Possible answer: Do it by changing 40_tor_control_panel.conf instead of 50_user.conf, I’m I right? But even after changing that one to the snowflake lines I wrote in the previous answer, snowflake still doesn’t work.
@Patrick
More progress:
I just had to change -log-to-state-dir to -logToStateDir for it to be able to log and this is the error that shows what’s preventing snowflake from working:
2020/06/27 10:56:09 BrokerChannel Error: dial tcp: lookup ajax.aspnetcdn.com on [scrubbed]: dial udp [scrubbed]: connect: cannot assign requested address
2020/06/27 10:56:09 Failed to retrieve answer. Retrying in 10 seconds
I even tried with an older version of snowflake (from 9.5a5) and I got the same result.
I don’t have a solution for this.
You can safely delete the auto generated file. Either its contents or the whole file.
I messaged a snowflake dev at the Tor Project (dcf) and he had this to say:
Looks like something in Whonix is preventing snowflake-client from opening a UDP socket to do a DNS lookup for ajax.aspnetcdn.com. It appears that the earlier STUN exchange is working, though, which also involves an exchange of UDP packets. Perhaps Whonix has a special firewall rule to prevent DNS leaks.
You can try adding this to /etc/hosts:
152.199.4.33 ajax.aspnetcdn.com
I tried it and after a while it finally worked, but when I did sudo service tor restart it stopped working. Since that was inconsistent I ended up re-installing whonix-gw and after setting up snowflake again it seems like everything is working again! Sorry for not trying this last solution, but I just wanted to see if the issue was due to the updates to Whonix (hope I won’t frequent this issue again when I will update whonix-gw)
Awesome.
In Qubes sys-whonix by default file /etc/resolv.conf is non-persistent.
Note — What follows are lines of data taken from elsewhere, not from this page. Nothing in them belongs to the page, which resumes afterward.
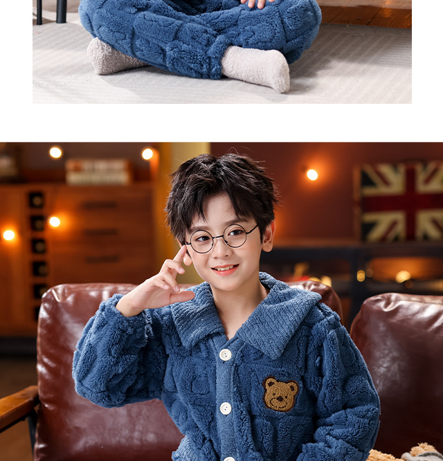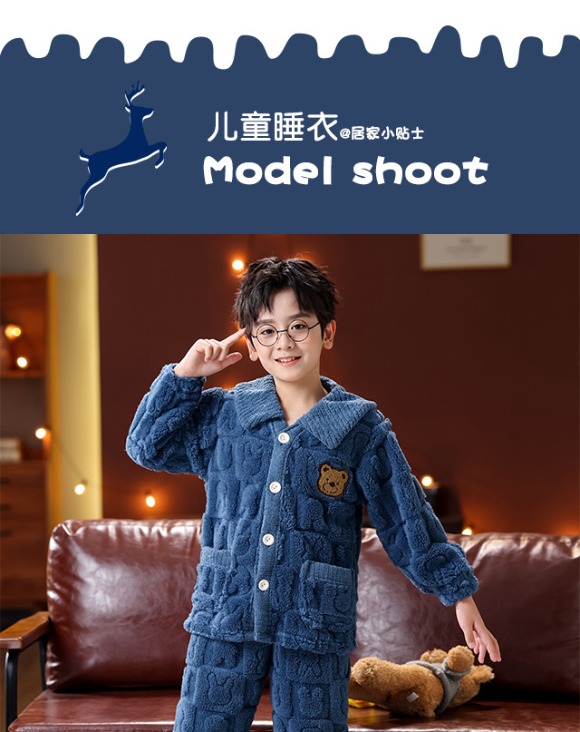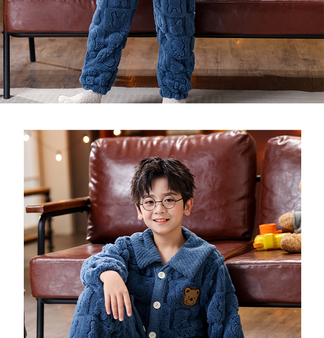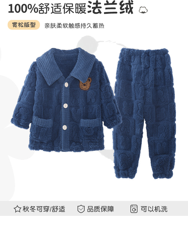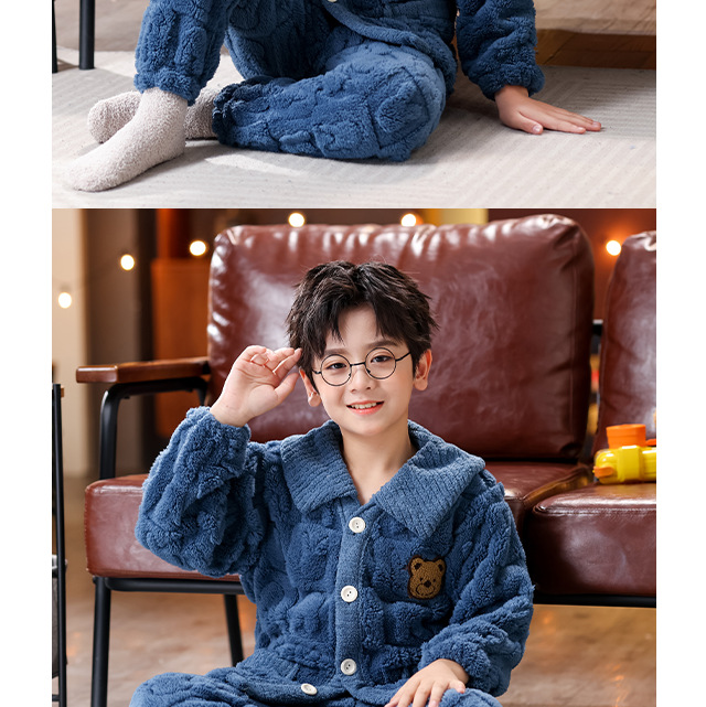 소년 소녀를위한 겨울 어린이 플란넬 잠옷 큰 아이들을위한 두꺼운 산호 양털 따뜻한 기모 아기 홈 옷 세트
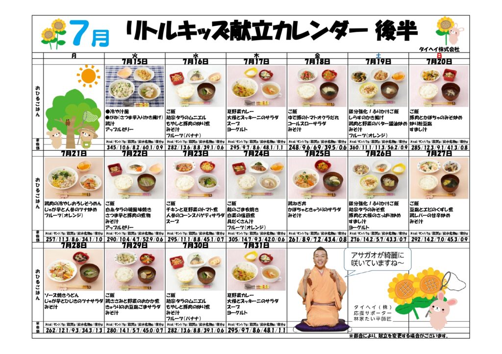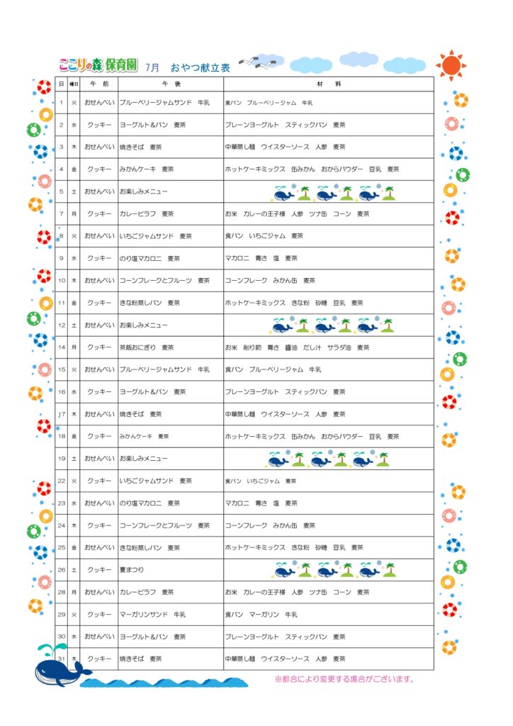 🎋7月の給食、午後おやつ献立表・食育便り🎋
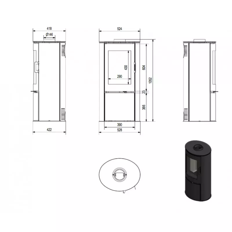 | Durchmesser des Abgasfuchses [ mm ] | 150 |
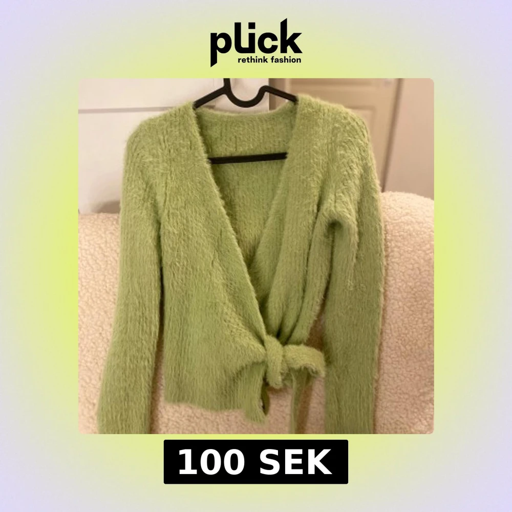 Säljer en mysig grön kofta med knyt framtill. Den har en fluffig textur och långa ärmar, perfekt för kyligare dagar. Koftan är både stilren och bekväm, ett måste i garderoben! 💚
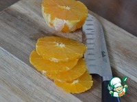 Выложить апельсин на творожную массу. Я еще под апельсиновые кружочки выложила кусочки оставшегося бисквита. НО это на ваше усмотрение. |
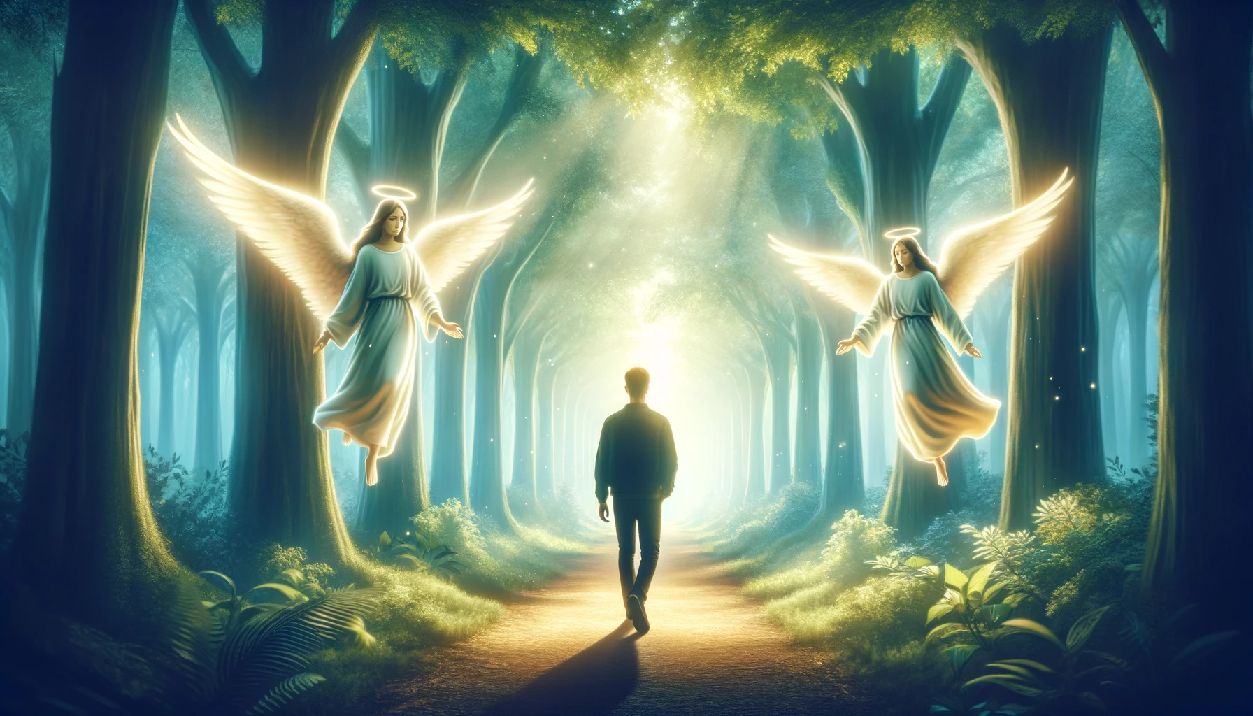A serene scene of angels watching over a person walking on a path through a lush, peaceful forest.
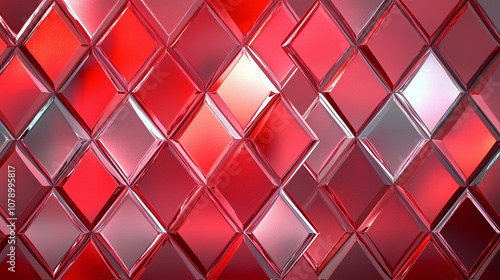 A grid of red diamonds, each with a subtle gradient, creating a seamless transition of hues across the pattern, reflecting light as if made from polished glass.
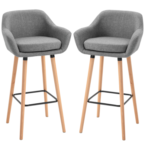 2 db kárpitozott bárszék, párna, lábtartó, 55x48x100cm, szürke bútor termékleírás

Not sure you could use bind-dirs for /etc/resolv.conf since that is a symlink.
see:
ls -la /etc/resolv.*
Adding /etc/resolv.conf.whonix to bind-dirs might work.
Or change /etc/resolv.conf in TemplateVM for persistence. (Which would influence all gateway’s based on that template but that wouldn’t matter if you’re using 1 sys-whonix only and/or always using that transport anyhow. See no downside yet of modification of /etc/resolv.conf in whonix-gw TemplateVM.)
On Qubes persistence:
There is indeed an upgrade which interacts with /etc/hosts see:
Upgrading (dist-upgrade) broke it again. I changed /etc/hosts and it’s seems to work though I don’t know if it work reliably (everytime and without delays in the bootstrap).
Though I wonder if this can be fixed once and for all without this /etc/hosts trick @Patrick
Upgrade after new image will change it once (as linked in previous post) but shouldn’t do it again.
Edited by previous post. Meant /etc/hosts not /etc/resolv.conf but looks like that didn’t cause confusion.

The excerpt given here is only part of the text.